▶ **RECORD EXCERPTS**:

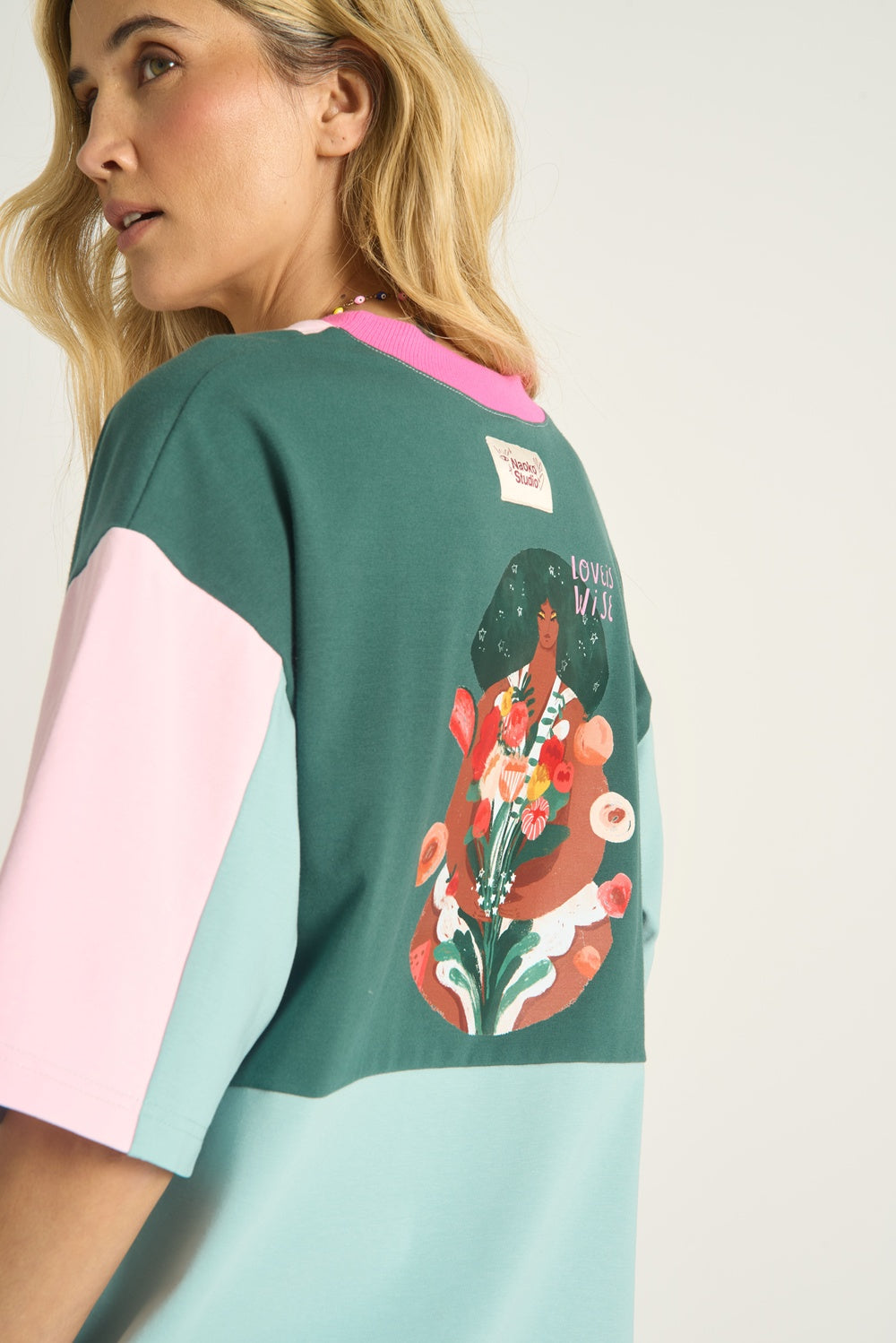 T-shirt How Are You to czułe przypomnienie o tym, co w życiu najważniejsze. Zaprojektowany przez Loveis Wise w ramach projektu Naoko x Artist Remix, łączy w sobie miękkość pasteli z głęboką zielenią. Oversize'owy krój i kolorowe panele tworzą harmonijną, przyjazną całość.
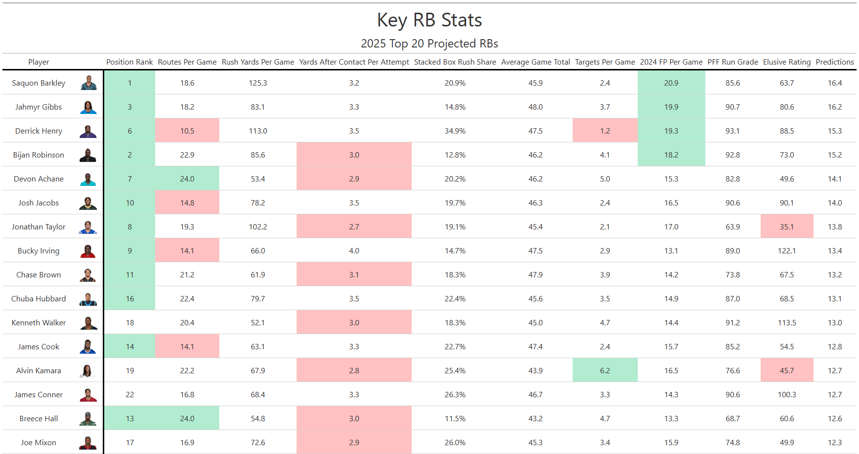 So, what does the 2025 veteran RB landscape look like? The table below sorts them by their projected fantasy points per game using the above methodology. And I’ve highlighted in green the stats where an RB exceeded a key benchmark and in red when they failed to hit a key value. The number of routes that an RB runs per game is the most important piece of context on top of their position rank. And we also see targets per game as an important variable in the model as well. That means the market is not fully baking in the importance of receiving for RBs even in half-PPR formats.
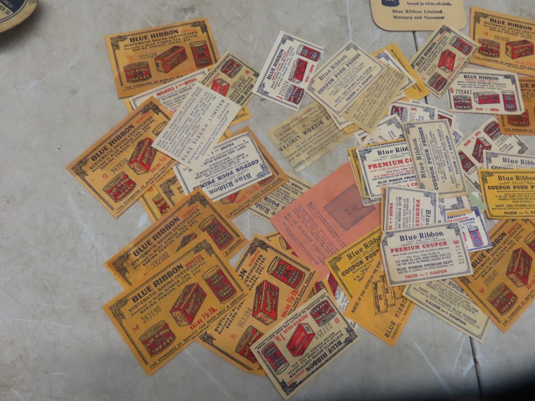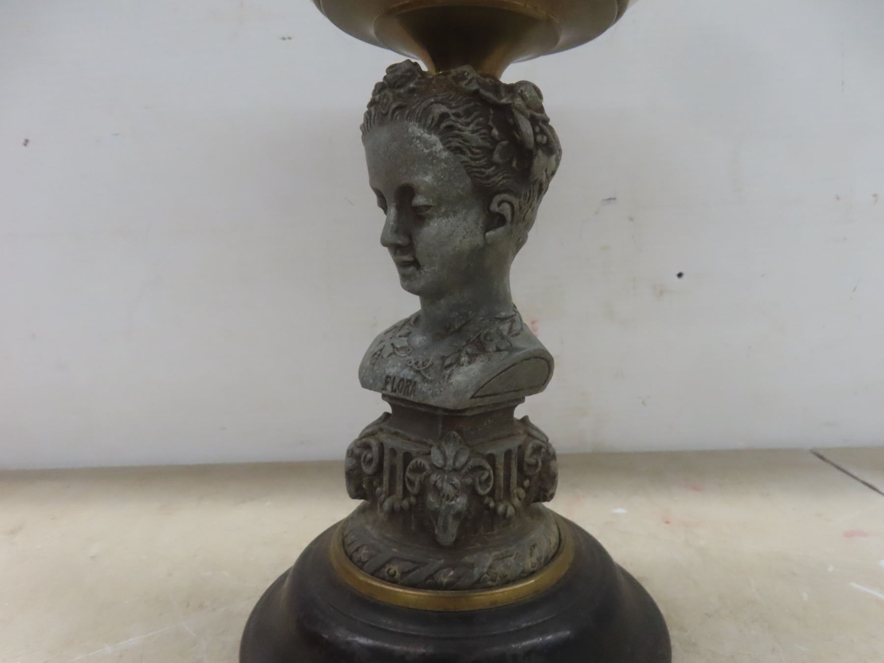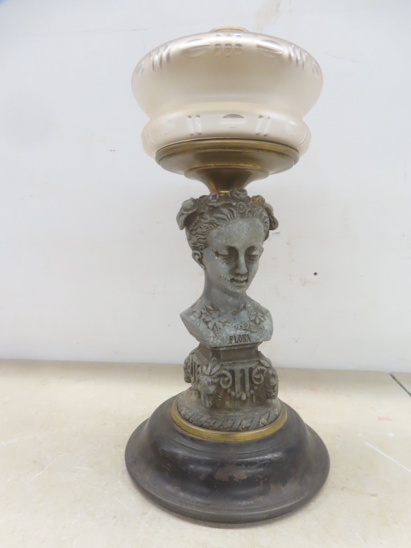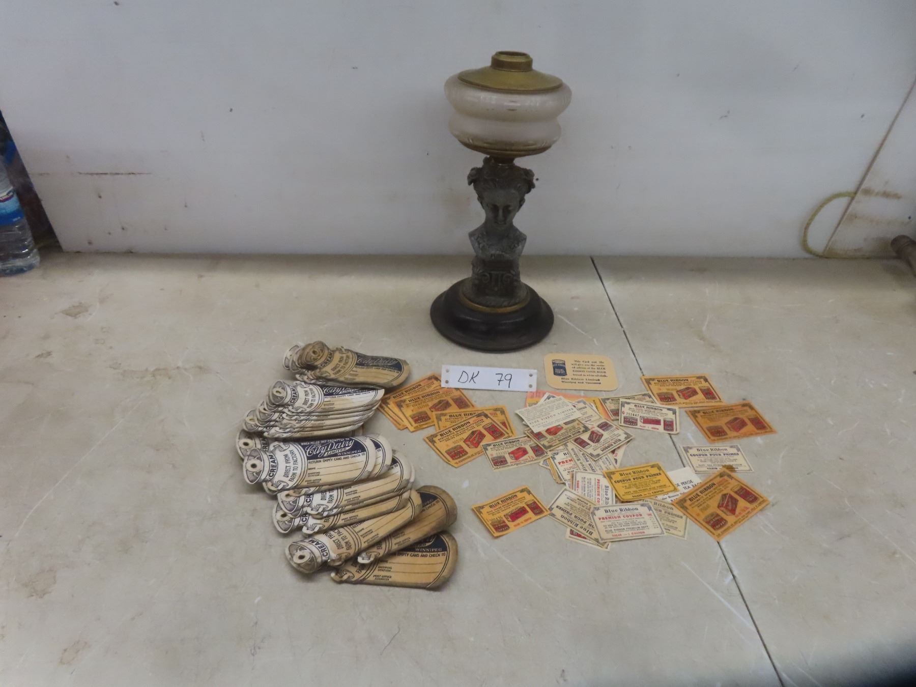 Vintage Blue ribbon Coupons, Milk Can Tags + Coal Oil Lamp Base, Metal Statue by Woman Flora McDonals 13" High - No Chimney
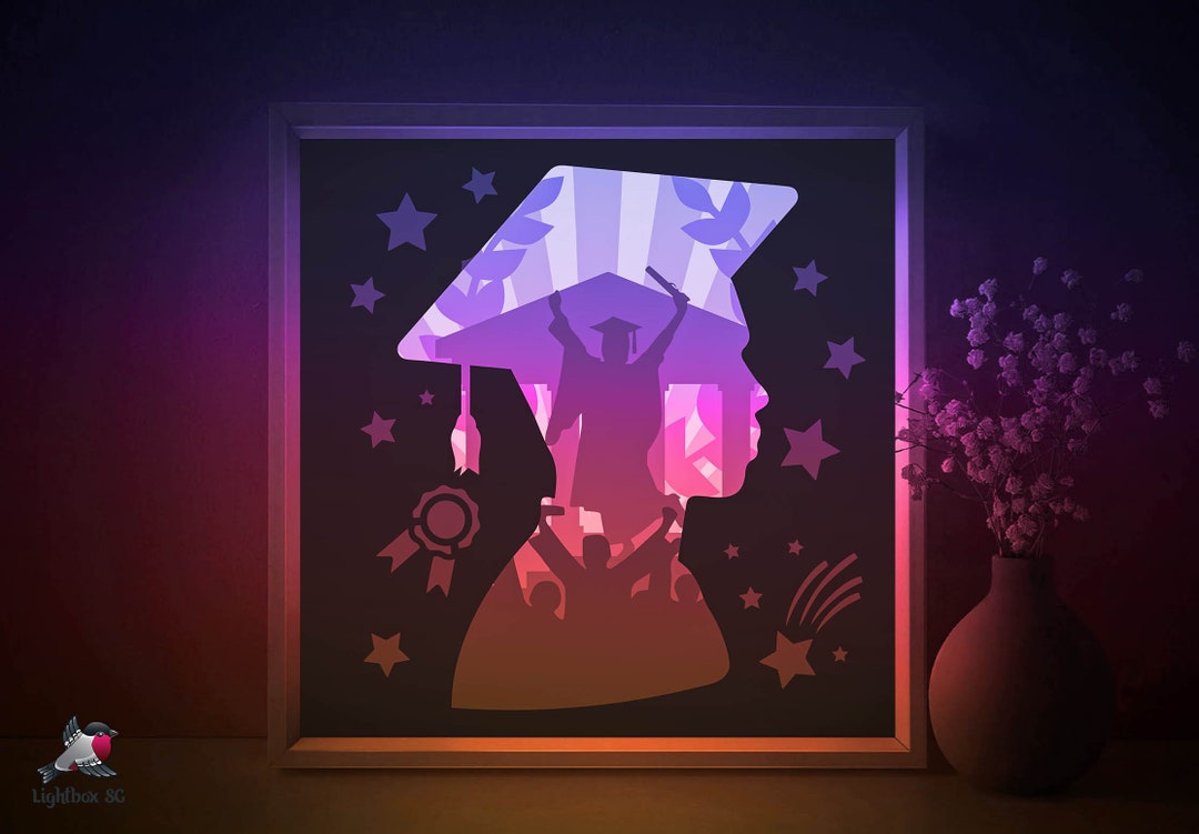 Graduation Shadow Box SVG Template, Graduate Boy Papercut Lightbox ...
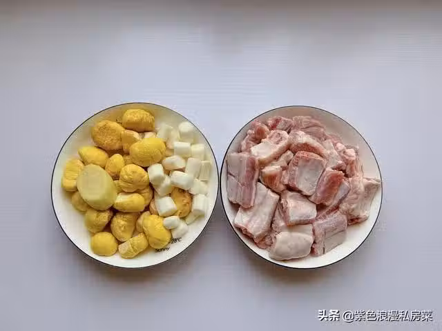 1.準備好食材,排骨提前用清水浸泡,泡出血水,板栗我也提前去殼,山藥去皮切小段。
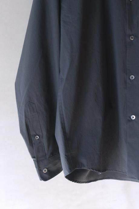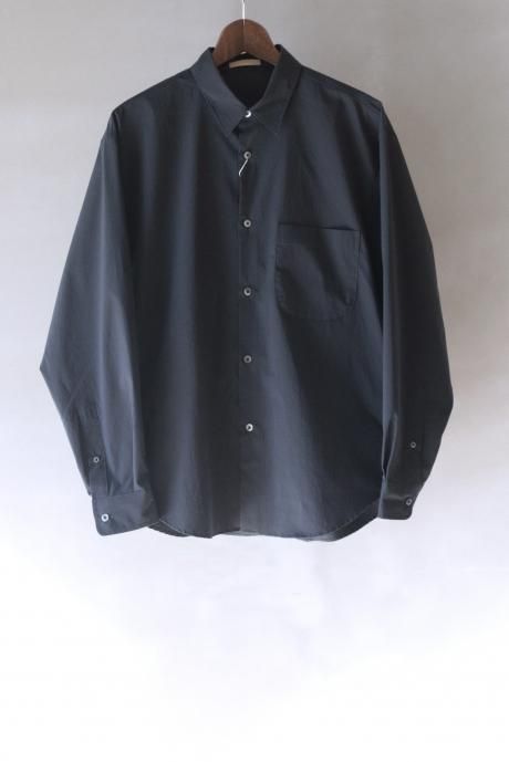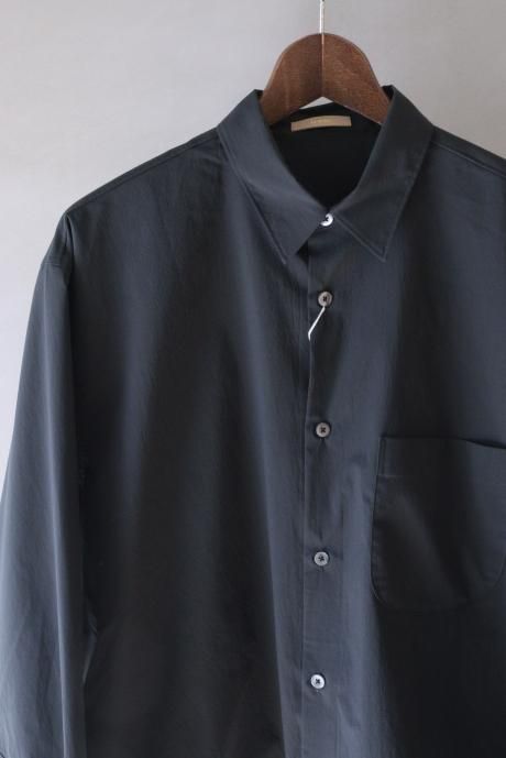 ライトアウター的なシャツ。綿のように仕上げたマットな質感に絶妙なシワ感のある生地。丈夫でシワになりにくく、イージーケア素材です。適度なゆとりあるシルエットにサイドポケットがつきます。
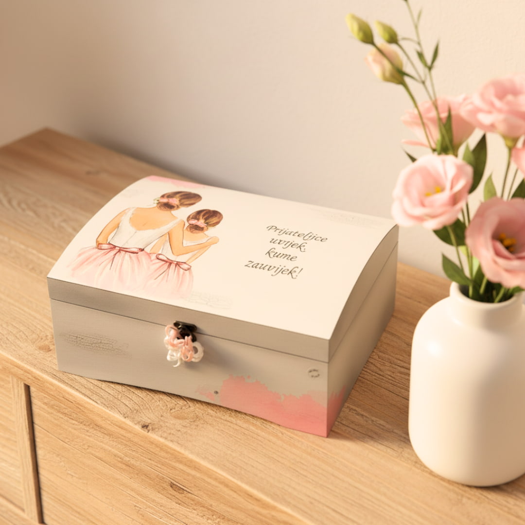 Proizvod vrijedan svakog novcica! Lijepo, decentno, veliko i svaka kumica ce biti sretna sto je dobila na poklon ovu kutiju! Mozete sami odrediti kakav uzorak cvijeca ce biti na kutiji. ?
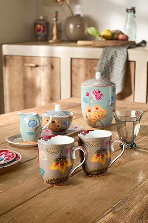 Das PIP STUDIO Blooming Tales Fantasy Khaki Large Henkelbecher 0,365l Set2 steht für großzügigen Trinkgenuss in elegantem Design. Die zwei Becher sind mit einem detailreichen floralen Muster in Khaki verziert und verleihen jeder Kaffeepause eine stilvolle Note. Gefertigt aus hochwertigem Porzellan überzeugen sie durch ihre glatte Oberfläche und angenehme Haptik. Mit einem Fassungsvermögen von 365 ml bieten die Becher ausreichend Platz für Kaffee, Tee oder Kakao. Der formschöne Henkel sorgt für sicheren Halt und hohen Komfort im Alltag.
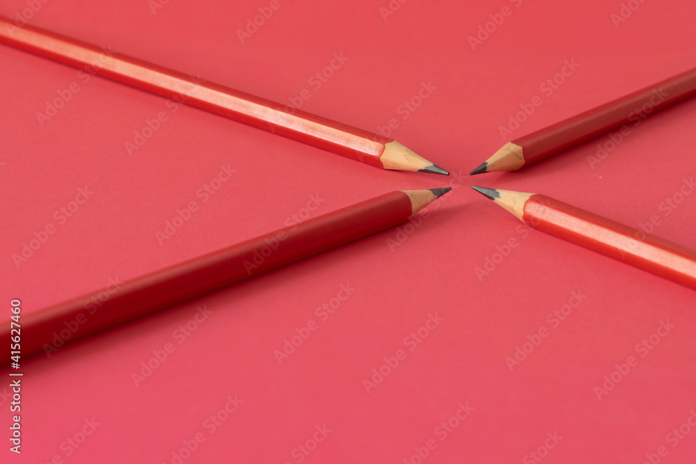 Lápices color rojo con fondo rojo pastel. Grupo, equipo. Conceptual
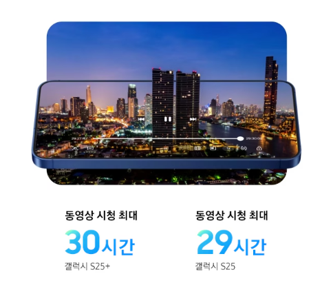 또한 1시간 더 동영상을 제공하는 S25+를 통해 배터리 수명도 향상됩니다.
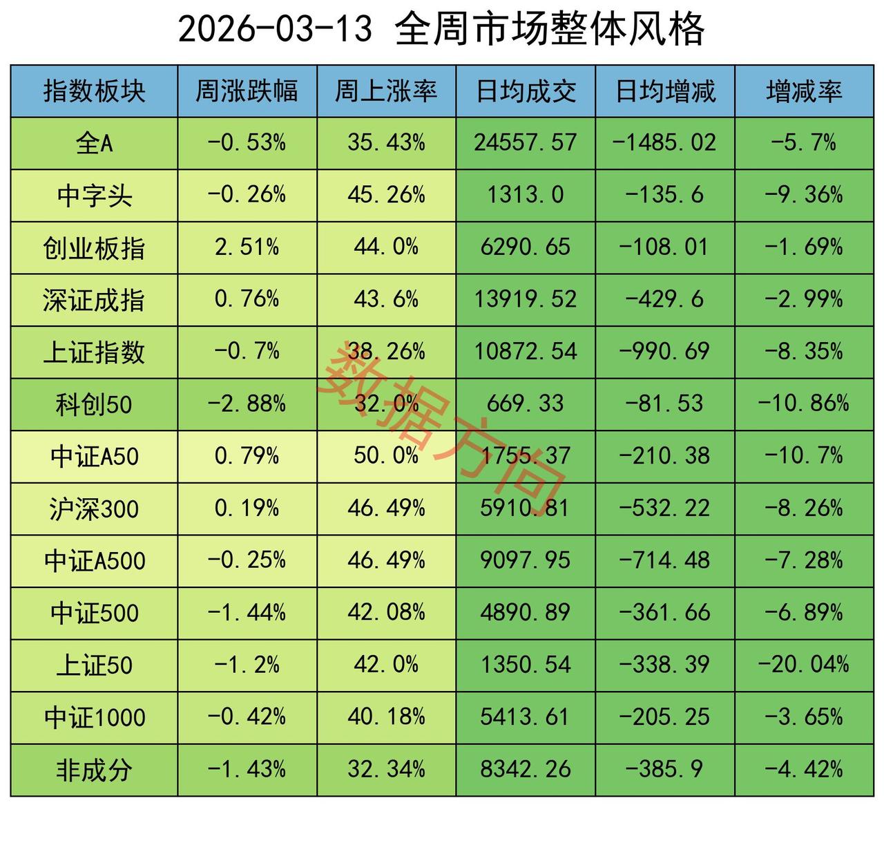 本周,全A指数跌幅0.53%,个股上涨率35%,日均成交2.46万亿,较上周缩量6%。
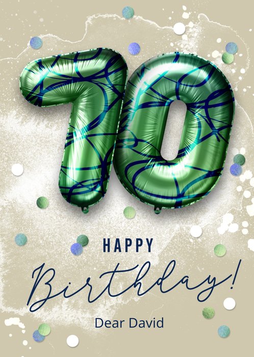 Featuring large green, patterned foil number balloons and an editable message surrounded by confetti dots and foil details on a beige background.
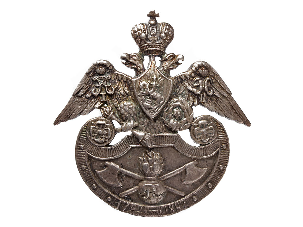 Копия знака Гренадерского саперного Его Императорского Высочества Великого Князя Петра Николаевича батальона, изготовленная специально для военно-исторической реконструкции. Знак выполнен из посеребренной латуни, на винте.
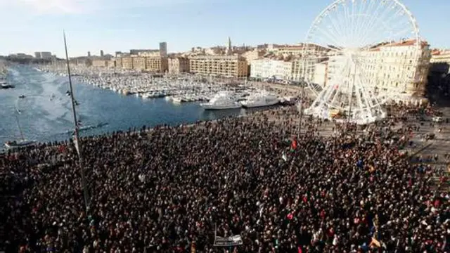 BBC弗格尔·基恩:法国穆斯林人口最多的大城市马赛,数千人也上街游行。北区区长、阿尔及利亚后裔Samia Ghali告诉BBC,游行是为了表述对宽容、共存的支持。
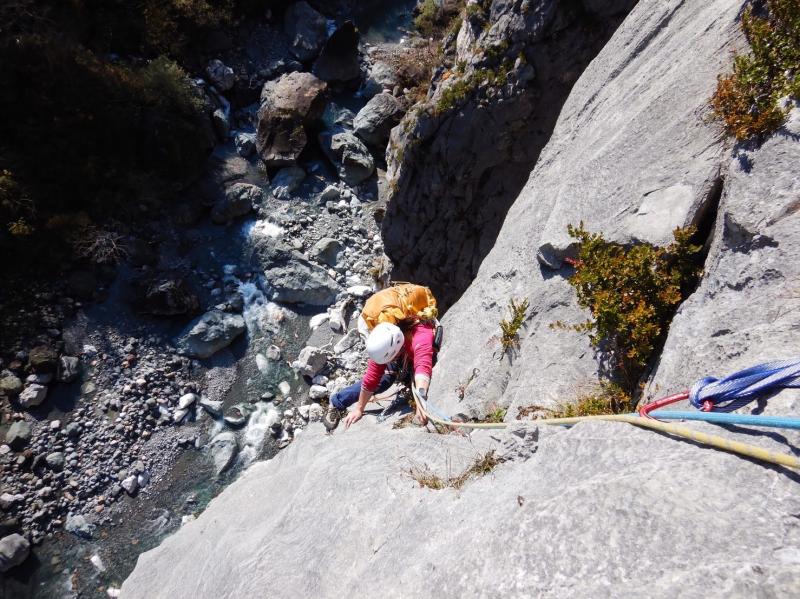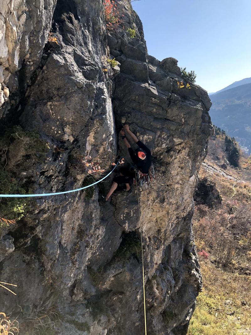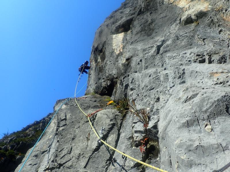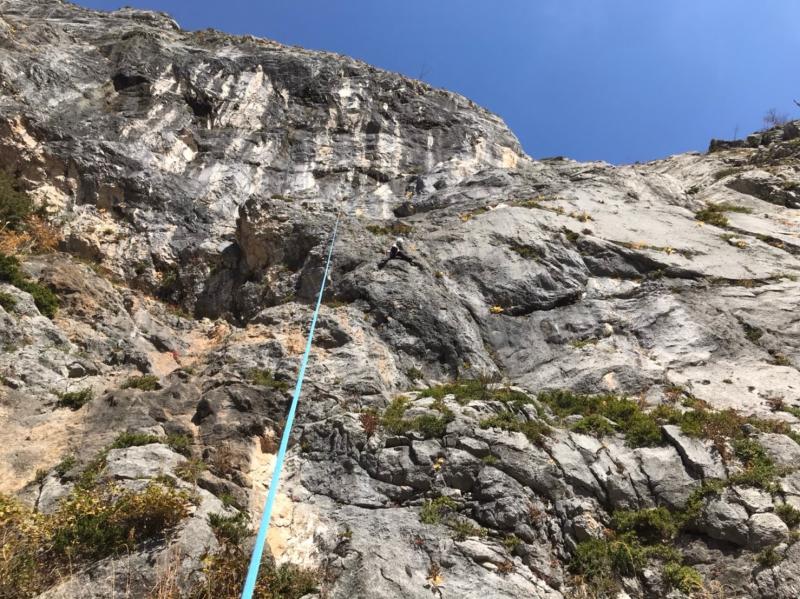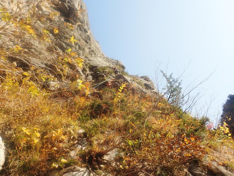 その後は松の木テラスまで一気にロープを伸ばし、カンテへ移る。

▶ **REQUIRED ACTION**: Make an exact copy of the records above. Keep out every picture.

▶ **THE COMPLETED TASK**:
 T-shirt How Are You to czułe przypomnienie o tym, co w życiu najważniejsze. Zaprojektowany przez Loveis Wise w ramach projektu Naoko x Artist Remix, łączy w sobie miękkość pasteli z głęboką zielenią. Oversize'owy krój i kolorowe panele tworzą harmonijną, przyjazną całość.
 So, what does the 2025 veteran RB landscape look like? The table below sorts them by their projected fantasy points per game using the above methodology. And I’ve highlighted in green the stats where an RB exceeded a key benchmark and in red when they failed to hit a key value. The number of routes that an RB runs per game is the most important piece of context on top of their position rank. And we also see targets per game as an important variable in the model as well. That means the market is not fully baking in the importance of receiving for RBs even in half-PPR formats.
 Vintage Blue ribbon Coupons, Milk Can Tags + Coal Oil Lamp Base, Metal Statue by Woman Flora McDonals 13" High - No Chimney
 Graduation Shadow Box SVG Template, Graduate Boy Papercut Lightbox ...
 1.準備好食材,排骨提前用清水浸泡,泡出血水,板栗我也提前去殼,山藥去皮切小段。
 ライトアウター的なシャツ。綿のように仕上げたマットな質感に絶妙なシワ感のある生地。丈夫でシワになりにくく、イージーケア素材です。適度なゆとりあるシルエットにサイドポケットがつきます。
 Proizvod vrijedan svakog novcica! Lijepo, decentno, veliko i svaka kumica ce biti sretna sto je dobila na poklon ovu kutiju! Mozete sami odrediti kakav uzorak cvijeca ce biti na kutiji. ?
 Das PIP STUDIO Blooming Tales Fantasy Khaki Large Henkelbecher 0,365l Set2 steht für großzügigen Trinkgenuss in elegantem Design. Die zwei Becher sind mit einem detailreichen floralen Muster in Khaki verziert und verleihen jeder Kaffeepause eine stilvolle Note. Gefertigt aus hochwertigem Porzellan überzeugen sie durch ihre glatte Oberfläche und angenehme Haptik. Mit einem Fassungsvermögen von 365 ml bieten die Becher ausreichend Platz für Kaffee, Tee oder Kakao. Der formschöne Henkel sorgt für sicheren Halt und hohen Komfort im Alltag.
 Lápices color rojo con fondo rojo pastel. Grupo, equipo. Conceptual
 또한 1시간 더 동영상을 제공하는 S25+를 통해 배터리 수명도 향상됩니다.
 本周,全A指数跌幅0.53%,个股上涨率35%,日均成交2.46万亿,较上周缩量6%。
 Featuring large green, patterned foil number balloons and an editable message surrounded by confetti dots and foil details on a beige background.
 Копия знака Гренадерского саперного Его Императорского Высочества Великого Князя Петра Николаевича батальона, изготовленная специально для военно-исторической реконструкции. Знак выполнен из посеребренной латуни, на винте.
 BBC弗格尔·基恩:法国穆斯林人口最多的大城市马赛,数千人也上街游行。北区区长、阿尔及利亚后裔Samia Ghali告诉BBC,游行是为了表述对宽容、共存的支持。
 その後は松の木テラスまで一気にロープを伸ばし、カンテへ移る。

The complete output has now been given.